Изгнанник. Каприз Олмейера - Конрад Джозеф. Страница 19

– Но его здесь нет! Я вчера весь день прождала. И сегодня! Завтра сама пойду.

– Живой не пущу! – пробормотал себе под нос Бабалачи и громче добавил: – Ты сомневаешься в своих чарах? Ты, что для него прекраснее гурии на седьмом небе? Он твой раб.

– Рабы иногда тоже убегают, – мрачно заметила Аисса, – и тогда хозяину приходится их разыскивать.

– Чего ты хочешь? Жить и умереть нищей? – нетерпеливо спросил Бабалачи.

– Мне все равно, – воскликнула Аисса, заламывая руки. Черные зрачки широко открытых глаз метались туда-сюда, как ласточки перед грозой.

– Шш! – прошипел Бабалачи, оглядываясь на Омара. – Ты думаешь, дорогая моя, что твой отец готов жить в нищете – хотя бы и с тобой?

– Он велик! – запальчиво воскликнула она. – Он всех вас презирает! Всех! Он настоящий мужчина!
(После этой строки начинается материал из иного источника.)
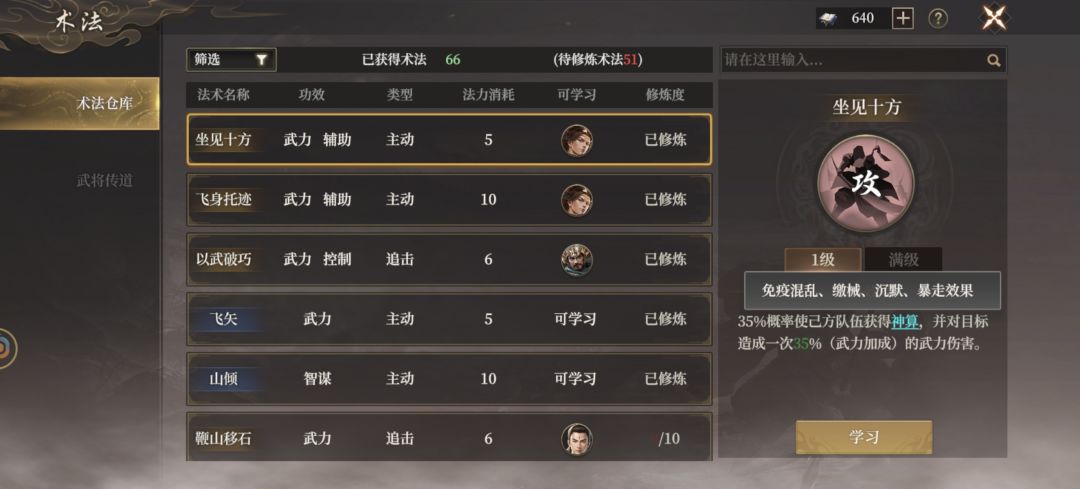 这样看可能不如搭配陈奇那套,其实不然,这套可搭配的术法更加全面,搭配上术法之后,会比第一套阵容搭配术法作用高,因为这套术法选择很全面,只要搭配武力术法都会有不错效果,最优选择是搭配带有治疗、免疫、加武力伤害的术法,之后能单刷九级或者10级地,非常强势。
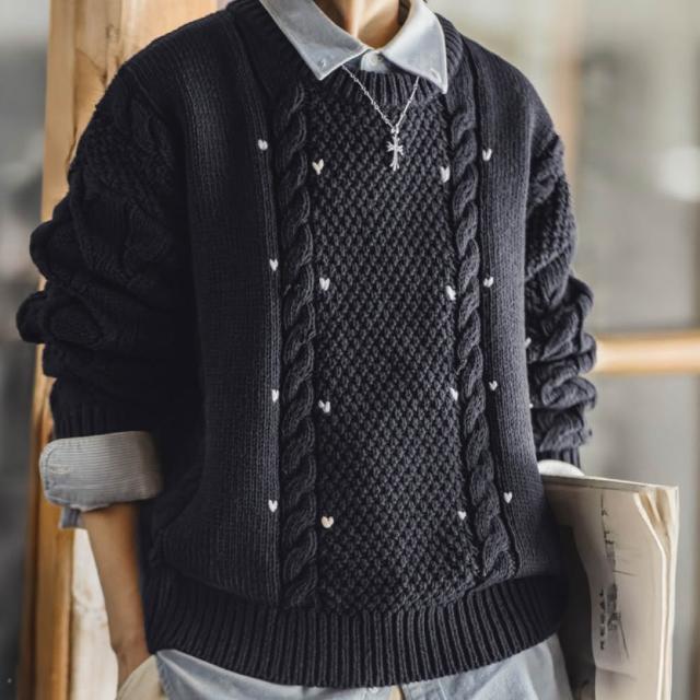 MAT RETRO藍色圓領寬鬆加厚保暖套頭外穿粗麻花毛線針織上毛衣女士秋冬
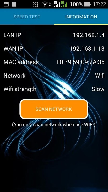 - 有關網絡(LAN IP,廣域網IP,MAC地址,無線網絡的力量,移動數據的力量,你的互聯網服務提供商的信息)查看信息
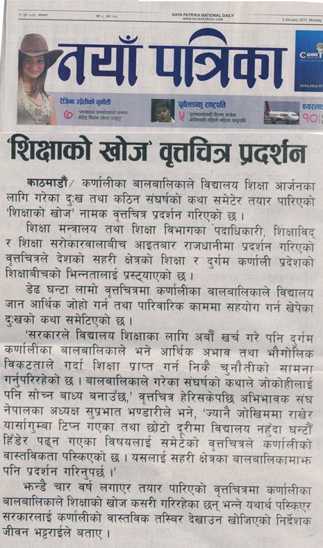 ज्यानै जोखिममा राखेर यार्सागुम्बा टिप्न गएका तथा छोटो दुरिमा विधालय नहँुदा घन्टौँ हिडेर पढ्न गएका विषयलाई समेटेको वृतचित्रले कर्णालीको वास्तविकता पस्किएको छ । यसलाई शहरी क्षेत्रका विधार्थी माझ पनि प्रर्दशन गरिनु पर्दछ ।
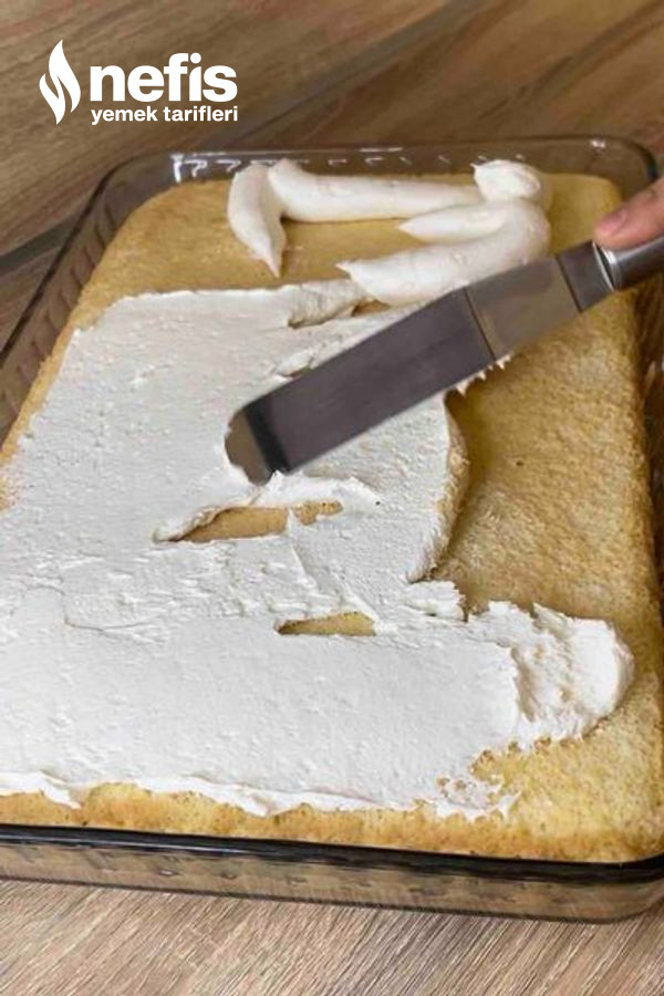 - Krem şanteyi şerbetini çeken kekin üzerine düz bir halde yayalım.

– Тебе лучше знать, – пробормотал Бабалачи, пряча улыбку. – Однако помни, женщина с твердым сердцем: чтобы его удержать, ты должна поступать с ним как океан с измученными жаждой моряками – непрерывно дразнить, доводить до безумия.

Бабалачи замолчал, и они стояли, уставившись в землю; слышно было только, как потрескивают угли в костре да нараспев славит Бога Омар. Это был и его Бог, и его вера. Бабалачи вдруг наклонил голову набок и внимательно прислушался к шуму голосов на большом дворе. Невнятный гул распался на отельные выкрики, затем вновь удалился, потом вернулся нарастая, чтобы резко прерваться. В коротких промежутках, как прилив, ворвавшийся в тихую гавань, пробегала волна пронзительных женских воплей. Аисса и Бабалачи вздрогнули, но он удержал женщину на месте, крепко схватив за руку, и прошептал:

– Подожди.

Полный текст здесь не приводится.